Макс фон Бен, большой знаток материальной культуры, уже в нашем веке подтвердил картину, нарисованную современниками: «Стилизация жизни по античным образцам требовала, чтобы помещению был придан единый характер, чтобы оно по возможности напоминало храм, т. е. то, как представляли себе тогда античные храмы. Жилые комнаты приобретают вследствие этого черты патетики, они следуют программе, а не удобству и уюту. Люди стыдятся своих потребностей и необходимости отправлять их. <…> Поскольку в спальнях принимали посетителей, то спальня становилась важнейшим из всех жилых помещений. Спальня художника Одио в Париже решала следующую задачу — храм Дианы среди леса».
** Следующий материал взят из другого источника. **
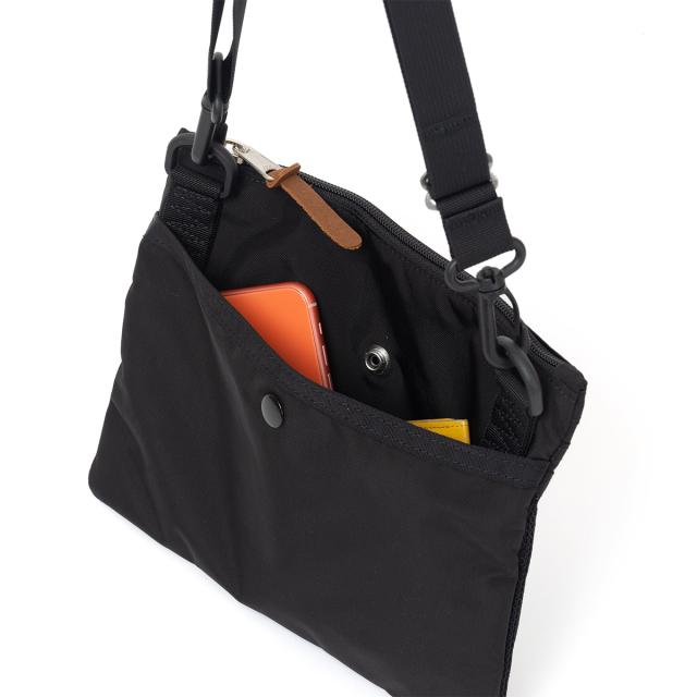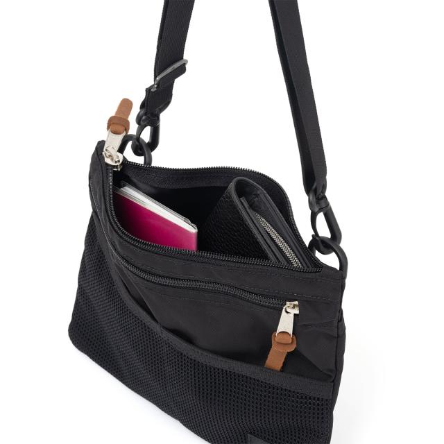 グレゴリーがサコッシュをつくったらこうなると断言できるほど、随所に“らしさ”があるモデルです。まず、素材はデイパックなどにも使われている厚めの生地を選択。フロントのメッシュポケットも同じく斜めのカッティングを施したデザインに。これはアプローチ面積の広がりとなり、使いやすさも付随します。また、ジッパープルも皮革。デイパックがそのままサコッシュになったようなスタイルです。
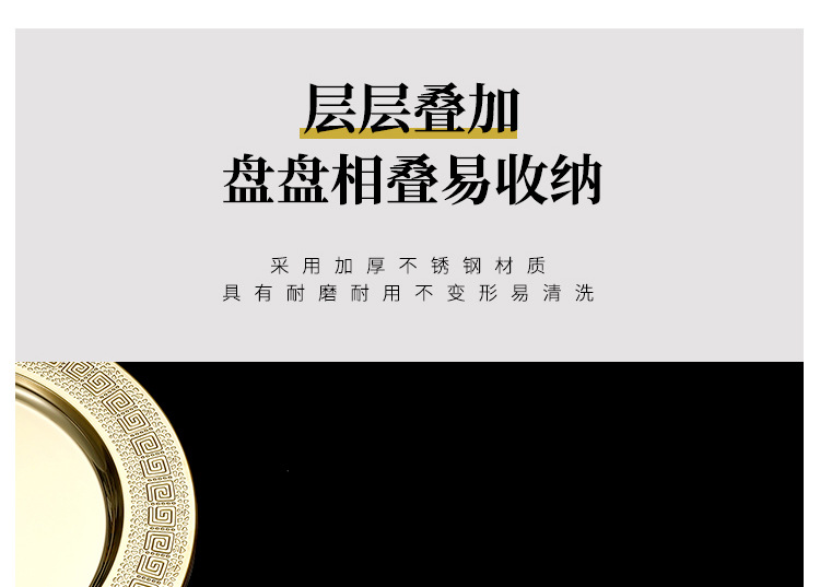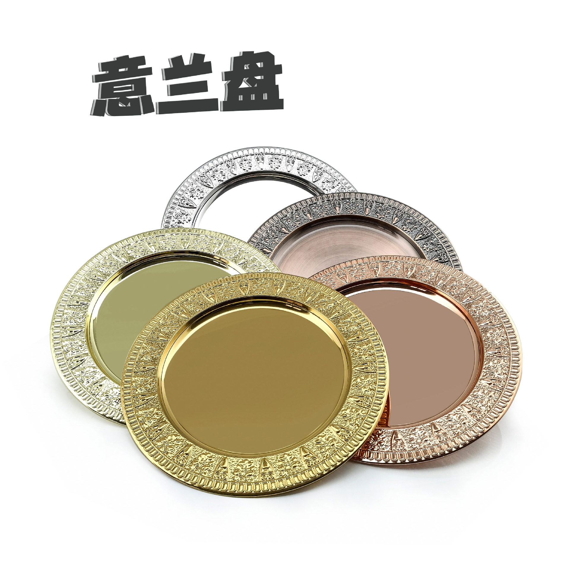 新作ステンレス丸皿 大皿 食卓皿 ゴールドプレート 平皿 ロゴ入り ロシア風花皿 賞皿
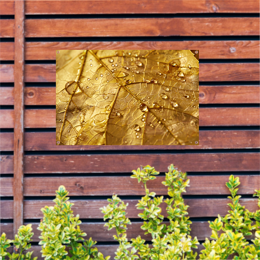 Waterdruppels op goudkleurig blad in detail tuinposter
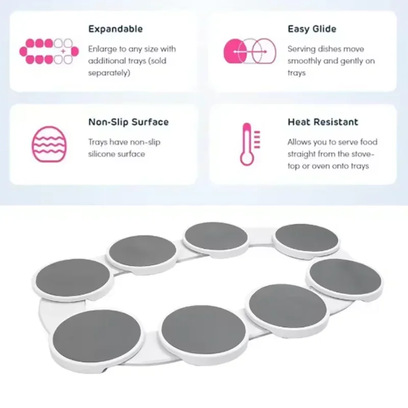 5. Heat Resistant: The sturdy tray on the rotating table can withstand high temperatures, making it effortless to move from oven to table. Its non slip surface keeps items in place and simplifies cleaning.
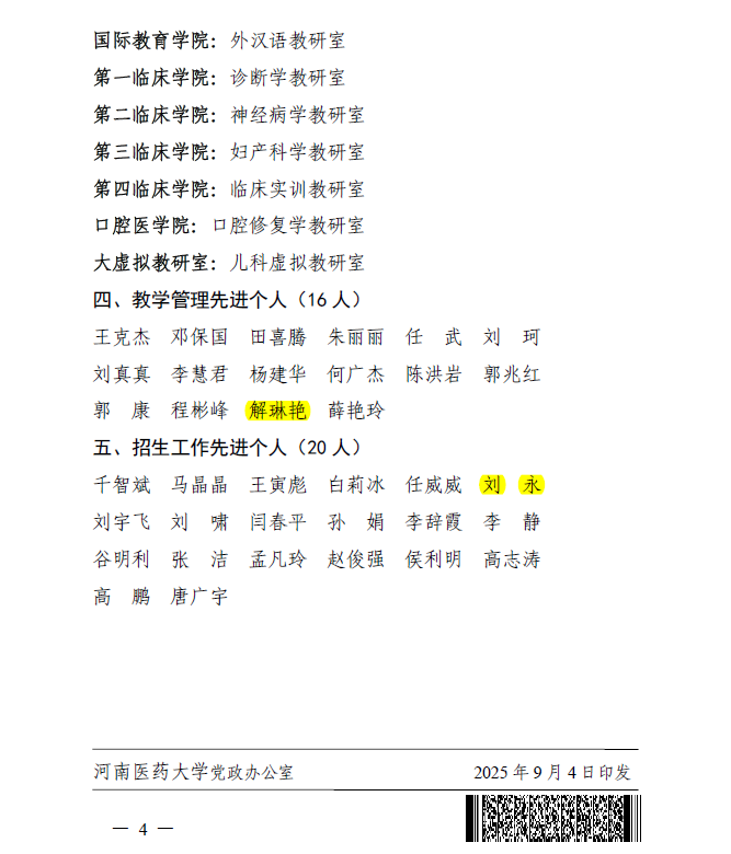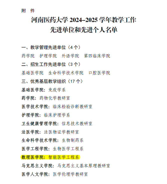 本网讯(图文/解琳艳)近日,学校公布了2024-2025学年教学工作先进单位和个人的表彰名单。智能医学工程系荣获“优秀基层教学组织”称号,充分体现了该系在教学工作中的卓越表现。同时,教学管理与专业建设办公室主任解琳艳被评为“教学管理先进个人”,表彰其在教学管理方面的突出贡献。此外,学院骨干教师刘永也因在招生工作中的优秀表现获评“招生工作先进个人”。此次表彰旨在激励更多教师和团队为学校的教学发展做出更大贡献。
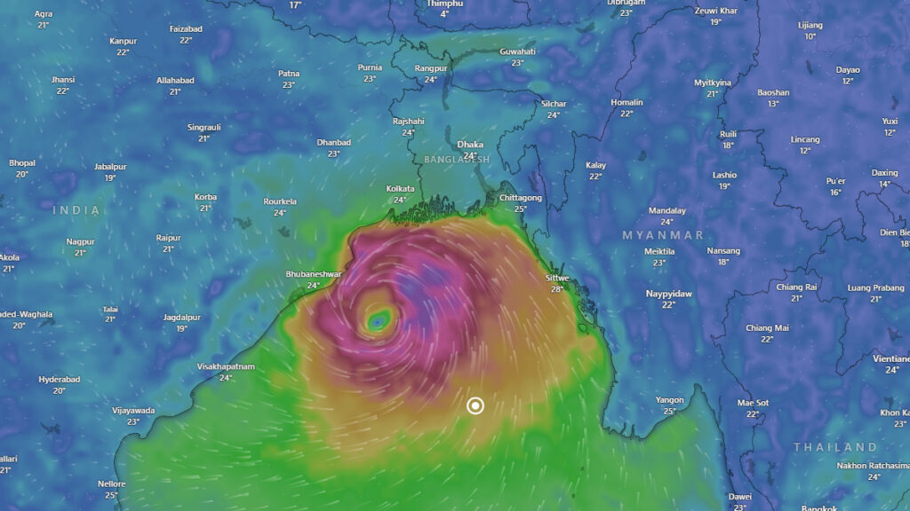 এতে আরও বলা হয়, ঘূর্নিঝড়টি বুধবার দিবাগত ৩টায় চট্টগ্রাম সমুদ্রবন্দর থেকে ৬০৫ কিলোমিটার ও কক্সবাজার সমুদ্র বন্দর থেকে ৫৬০ কিলোমিটার দক্ষিণপশ্চিমে, মোংলা সমুদ্রবন্দর থেকে ৫১০ কিমি দক্ষিণে এবং পায়রা সমুদ্রবন্দর থেকে ৪৯০ কিলোমিটার দক্ষিণ-দক্ষিণপশ্চিমে অবস্থান করছিল। ঘূর্ণিঝড় কেন্দ্রের ৬৪ কিলোমিটারের এর মধ্যে বাতাসের একটানা সর্বোচ্চ গতিবেগ ঘণ্টায় ৯০ কিমি, যা দমকা অথবা ঝোড়ো হাওয়ার আকারে ঘণ্টায় ১১০ কিমি পর্যন্ত বৃদ্ধি পাচ্ছে। ঘূর্ণিঝড় কেন্দ্রের নিকটবর্তী এলাকায় সাগর খুবই উত্তাল রয়েছে। তাই চট্টগ্রাম, কক্সবাজার, মোংলা ও পায়রা সমুদ্র বন্দরকে ৩ নম্বর স্থানীয় সতর্কতা সংকেত দেখাতে বলা হয়েছে।
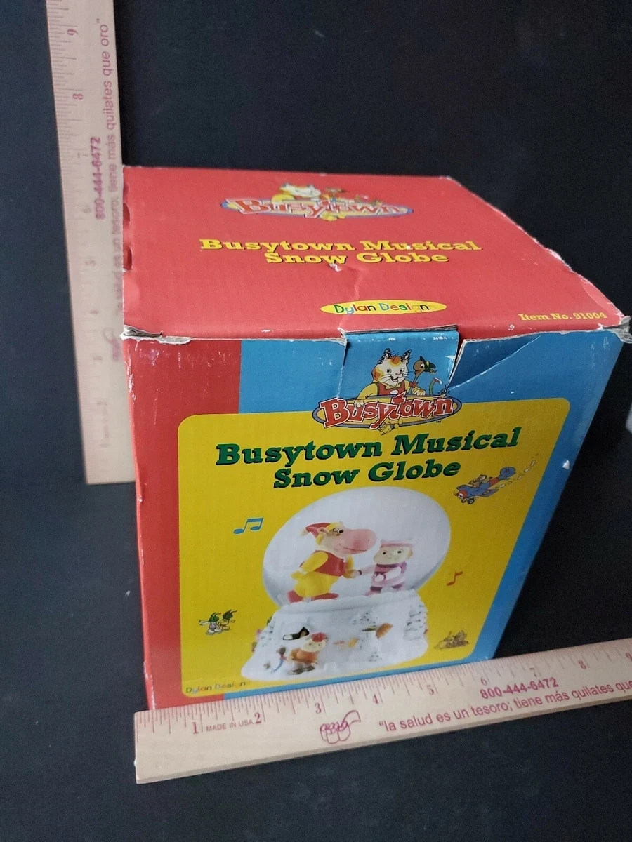 Selling a 1999 new Busytown Musical Snow Globe in its original box! This charming snow globe features characters from Busytown in a winter scene. Plays the tune "We Wish You a Merry Christmas". It's a delightful piece for any collector or as a festive decoration for the holidays
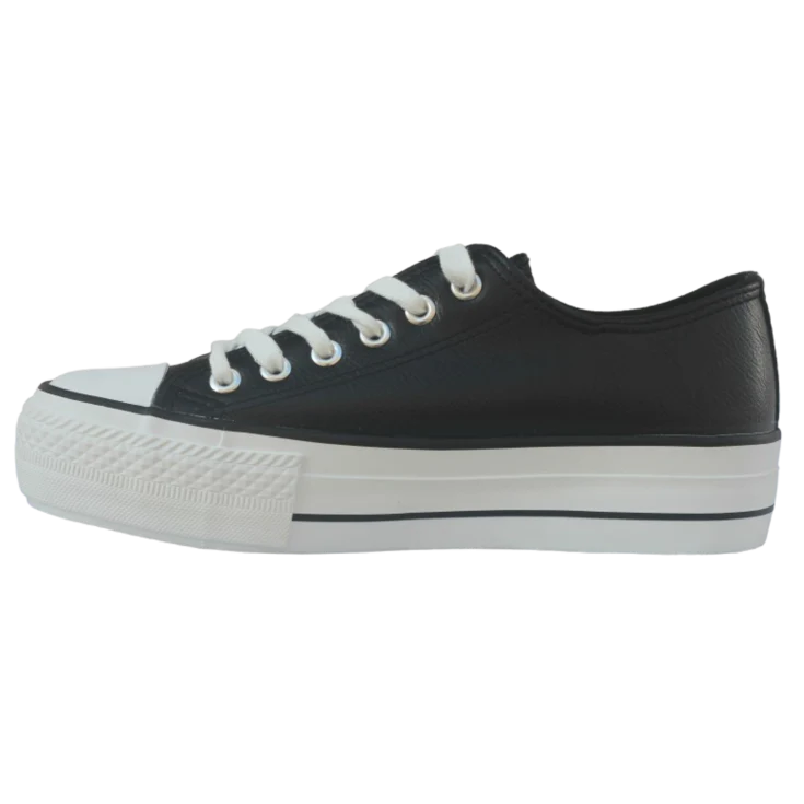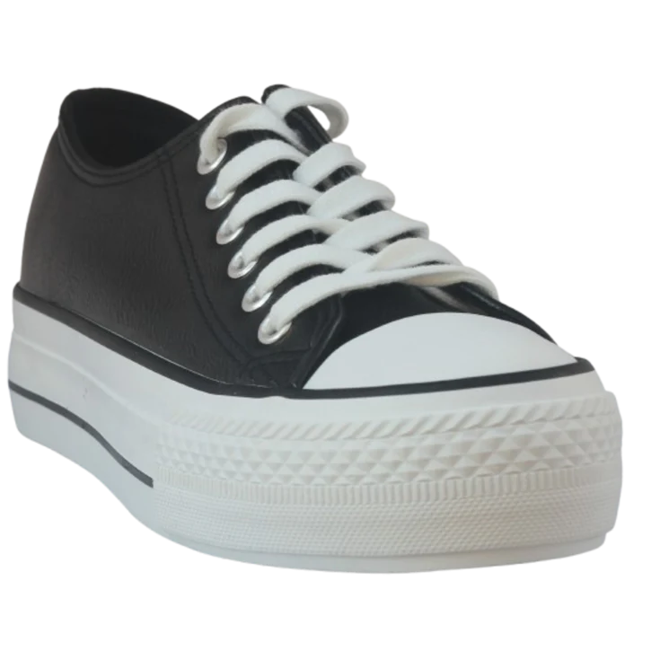 Zapatilla deportiva Manica, modelo de polipiel en color negro, cierre de cordones planos en color blanco, plataforma de 3,5 cm, modelo con puntera redonda y levantada para garantizar la comodidad.
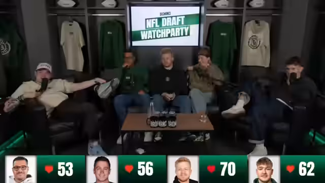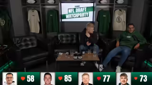 00:09:01Die Streamer begrüßen die Zuschauer zu ihrem NFL-Draft-Spiel aus Berlin und stellen die anstehenden Aktionen vor. Geplant ist ein großer Merch-Drop um 20 Uhr sowie ein gemeinsames Essen und anschließender Draft-Analysis im Stream. Die Streamer betonen, dass sie die gesamte Nacht wach bleiben wollen und eine Herausforderung mit einem Herzschlag-Monitor geplant ist, bei dem jemand Liegestütze machen muss, wenn der Puls unter 60 fällt.
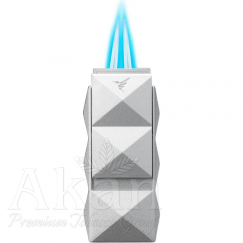 Srebrna zapalniczka Colibri Quasar II Hand Held to połączenie elegancji i funkcjonalności, idealne dla każdego miłośnika cygar, który ceni sobie wysoki standard akcesoriów. Zapalniczka została zaprojektowana w oparciu o charakterystyczny styl serii Quasar, której geometryczne piramidki na obudowie nadają jej nowoczesny i wyrafinowany wygląd. Dzięki podwójnemu palnikowi Turbo Jet, Quasar II gwarantuje szybkie i precyzyjne odpalanie cygar w każdych warunkach, nawet przy silnym wietrze. Palniki są nachylone do siebie, co tworzy stożkowaty płomień, który równomiernie i skutecznie podpala stopę cygara, minimalizując ryzyko jego uszkodzenia czy przypalenia.
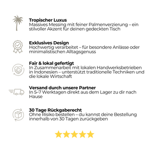 Bringe tropischen Luxus auf deinen Tisch! Unser massives Messingbesteck mit Palmenverzierung vereint Stil und Qualität – perfekt für ein stilvolles Ambiente.
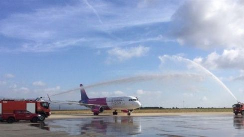 Amb motiu del primer vol, s'ha realitzat el tradicional acte de benvinguda en la plataforma de l'aeroport, on dos camions del servei de bombers han rebut a l'aeronau amb un arc d'aigua, sota el qual ha passat l'aeronau, segons ha informat la Generalitat en un comunicat. La nova ruta funcionarà dimecres i diumenge i estarà vigent fins al pròxim 15 de setembre
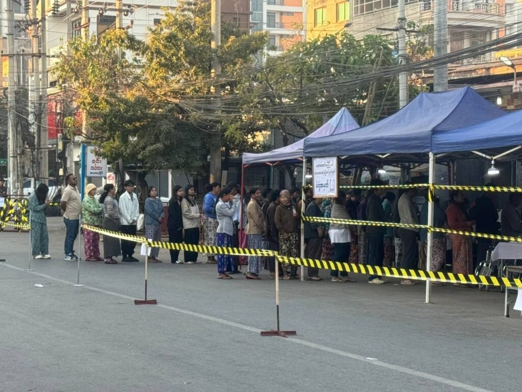 မန္တလေးမြို့ မဟာအောင်မြေမြို့နယ်အတွင်း စစ်အုပ်စုက လုပ်တဲ့ ရွေးကောက်ပွဲမှာ မဲရုံလာပြီး မဲပေးနေသူတွေ/Photo – စစ်အုပ်စု
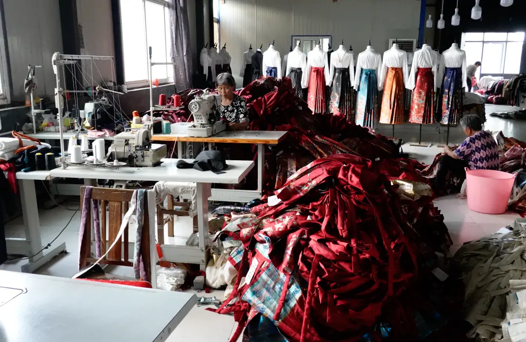 曹縣人對漢服尤其是馬面裙的青睞,不僅僅源於對傳統文化的自信。據曹縣電商服務中心統計,企業從每件馬面裙上獲得的利潤少説也能達到30%左右,人們生產後通過電商銷售致富,獲得感很強;從業者多年積澱而來的電商基因和市場前瞻性,使曹縣能夠承接住馬面裙的流量。
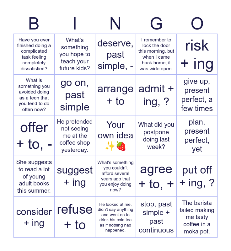 This bingo card has a free space and 24 words: suggest + ing, refuse + to, arrange + to, consider + ing, risk + ing, Have you ever finished doing a complicated task feeling completely dissatisfied?, What is something you avoided doing as a teen that you tend to do often now?, What's something you hope to teach your future kids?, What did you postpone doing last week?, What's something you couldn't afford several years ago that you enjoy doing now?, admit + ing, ?, offer + to, -, agree + to, +, put off + ing, ?, go on, past simple, stop, past simple + past continuous, plan, present perfect, yet, deserve, past simple, -, give up, present perfect, a few times, He pretended not seeing me at the coffee shop yesterday., The barista failed making me tasty coffee in a moka pot., She suggests to read a lot of young adult books this summer., I remember to lock the door this morning, but when I came back home, it was wide open. and He looked at me, didn't say anything and went on to drink his cold tea as if nothing had happened..
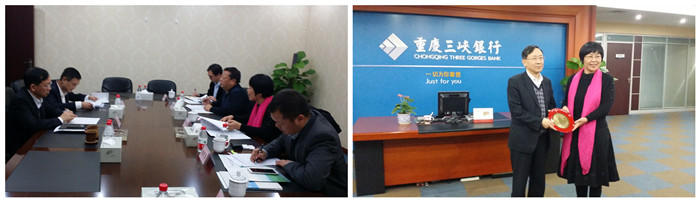在渝期间,葛书记一行还拜访了公司友好合作单位重庆三峡银行,与三峡银行董事长童海洋、党群工作部总经理金良策进行了亲切友好的交流。童董事长感谢公司过去2年来对三峡银行中层领导干部素质提升的辛勤付出,2年来三峡银行所有中层干部都进驻best365足球官网进行了轮训,提升了综合素质和专业技能,为三峡银行的快速发展提供了有力的支持,并高度评价了公司的培训工作,从课程设置、团队配置以及后勤保障等各方面予以充分肯定。童董事长表示将继续在人员培训、学历教育以及课题研究等方面,加大与best365足球官网的合作,形成校企共赢的局面。
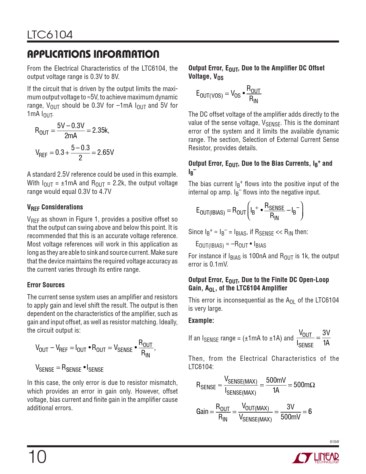 the circuit output is: V V If an I OUT = 3 R SENSE range = (±1mA to ±1A) and I A 1 V – V = I • R = V OUT SENSE OUT REF OUT OUT SENSE • , RIN Then, from the Electrical Characteristics of the V = R • I LTC6104: SENSE S SENSE SENSE V In this case, the only error is due to resistor mismatch, SENSE M ( AX) mV 500 R ≈ = = m SENSE 500 Ω which provides an error in gain only. However, offset I A SENSE M ( AX) 1 voltage, bias current and fi nite gain in the amplifi er cause additional errors. R VOUT MA ( X) 3V G Gain OUT = = = = 6 R V mV 500 IN SENSE M ( AX) 6104f 10
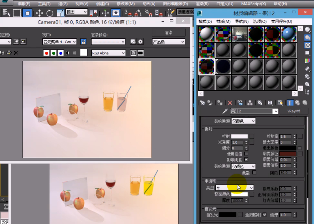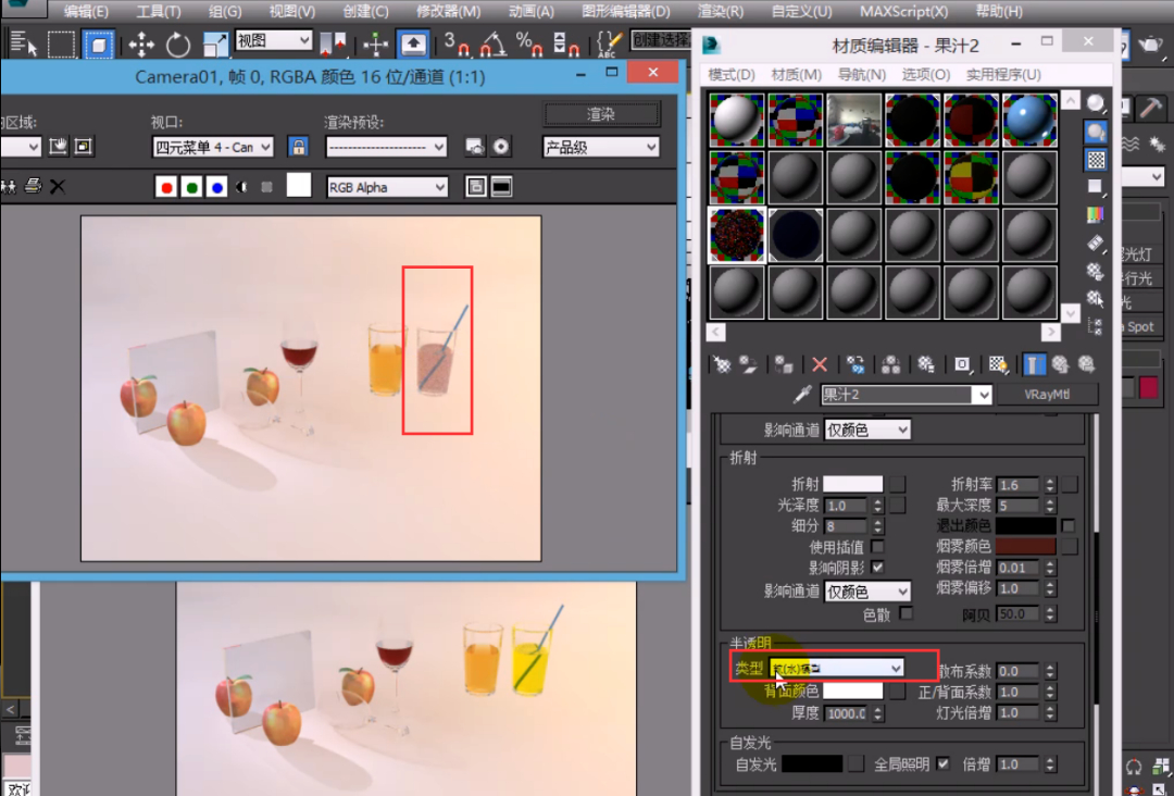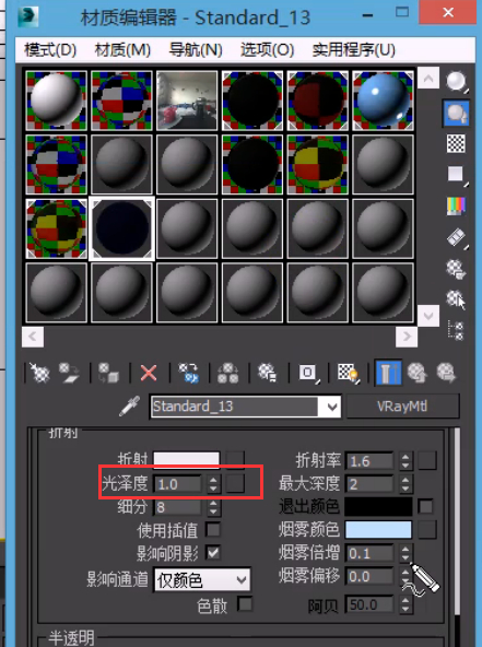 半透明是建立在折射基础上的。如果折射值为 0,就不会有半透明效果,需要先给一定的折射强度,并适当调整光泽度(一般在 0~1 之间)。

«Все, что определяет архитектуру внутреннего пространства, — двери, окна, печи, мебель, — не согласуется более с потребностью, — продолжал Бен, — не расставляется в согласии с требованиями целесообразности, но приносится в жертву симметрии». Ш. Персье и П. Ф. JI. Фонтен в Париже, архитекторы и декораторы, родоначальники ампира, начали формировать этот новый стиль с начала 90-х гг. «Их стиль немыслим без древности с ее мотивами… Нет в нем ничего римского, — добавляет Бен, — но все напоминает о Риме, нет ничего древнего, однако повсюду ощущается древность». Ж. JI. Давид первым обставил свой дом в античном стиле, по эскизам своим и Шарля Моро. Мебель красного дерева, скромно декорированная бронзой, обтянута красной тканью, — «спартанская простота и суровость формы». И, наконец, что уже совсем совпадает с впечатлениями Вигеля, Бен пишет: «Желание подчинить и себя самого и все свое окружение духу классической античности приводило к разного рода несуразностям.